Hey, Bretisimus.. wanted to let you know what the deal with your site was. Jarred accidentially found it when troubleshooting kevlar conflicting on MAC addresses. Unfortunately, Bob and Shane were standing there when he found the site. Jarred told them basically that it was your business, and he didn't want to hear anything about it again. i.e. it's not to be a topic of discussion, and that it's your deal. He definitely didn't tell them, and I think he feels like shit for the fact that they were standing there.

Jarred called me mainly because he knew that I'd been friends with you for quite a while, and he didn't really know what to do.. he wants to be supportive, but he really doesn't know how.

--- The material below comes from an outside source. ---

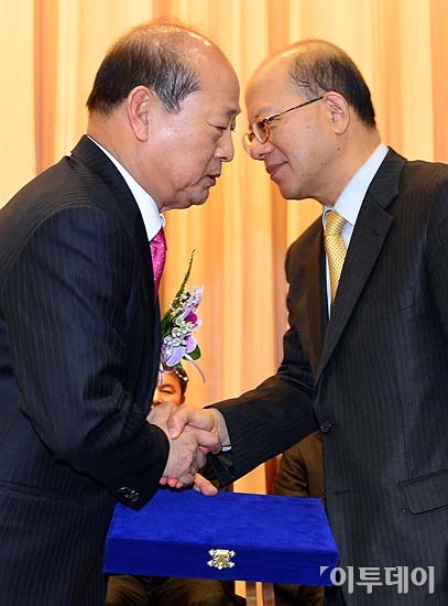 헌법재판소장 권한대행을 맡았던 송두환(왼쪽) 재판관이 22일 오전 서울 종로구 헌법재판소에서 열린 자신의 퇴임식에서 박한철 헌재소장 내정자로부터 감사패를 받으며 이야기를 나누고 있다. 방인권기자 bink7119@

He was trying to figure it out.. should he talk to you, should he just drop it, or what..

I was planning on talking to you about it when I got back to Tulsa next week, mainly to tell you all of this stuff. I just don't want you feeling like nobody supports you, because that definitely isn't the case. I also know that if you're anything like me, you've probably been spending the last day or so wondering exactly who knew about it, and what conclusions they jumped to.

Here's the summary

1) The list of folks who know is: me, Jarred, Shane, and Bob. (I think we're all in agreement that if life had a do-over button, we'd use it to remove at least the last two folks from the list.. Jarred didn't, and wouldn't have told them, but they were standing there when he found the site).

2) Jarred flat out told Bob and Shane that it wasn't to be discussed. No little inside jokes, no looks, no winks, no nothing. I think Bob understands that, and I think Shane understands that as well.

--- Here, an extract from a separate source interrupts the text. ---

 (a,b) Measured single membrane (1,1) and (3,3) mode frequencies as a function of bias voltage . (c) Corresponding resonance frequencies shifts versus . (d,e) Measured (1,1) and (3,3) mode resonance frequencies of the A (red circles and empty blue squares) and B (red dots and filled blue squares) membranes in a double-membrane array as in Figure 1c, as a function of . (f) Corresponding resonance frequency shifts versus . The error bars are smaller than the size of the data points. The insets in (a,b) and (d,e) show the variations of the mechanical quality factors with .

3) It doesn't bother me, and if I can help in any way, I will. I've considered you my friend for quite a while now, and I'm not about to walk away from that just because of this or anything else.

4) Jarred feels the same way as I do. We spent a couple hours the other night just talking about this, basically trying to figure out how to let you know that we're there if you need us, and that it's okay. I think he generally has strong views on everything (politics, abortion, sandwiches, religion), but he has even stronger views on friendship, and he genuinely wants to help you in any way he can.

I feel awful for you having to go through this (wondering what conclusions people will come to, and who all is talking about it), because this is one of those areas of your life that probably generates enough worry on its own without having to worry about everyone you work with.

You've been my friend for a long time now, and I wouldn't let something like this get in the way of that. I only want you to be happy, and I think that you dealing with this head-on in your life is the way to go. This branch of psychology is still in the "black arts" phase (and if you ask me, most psychology tends to end up in that category as well), but you should realize that it's definitely not a bad thing, and that it's just how you are. You should live your life however makes you happiest.

If I have anything to say about this, it's that you should live your life however makes you happiest. I seriously doubt you'll hear about this topic in the office, and if you do, please let me know immediately. It's not something that you should have to worry about, and it's too serious and personal of a topic to have to deal with in a work environment.

It's okay, we all love you, so don't worry. If you need anything at all, or just want to talk about it, just let me know.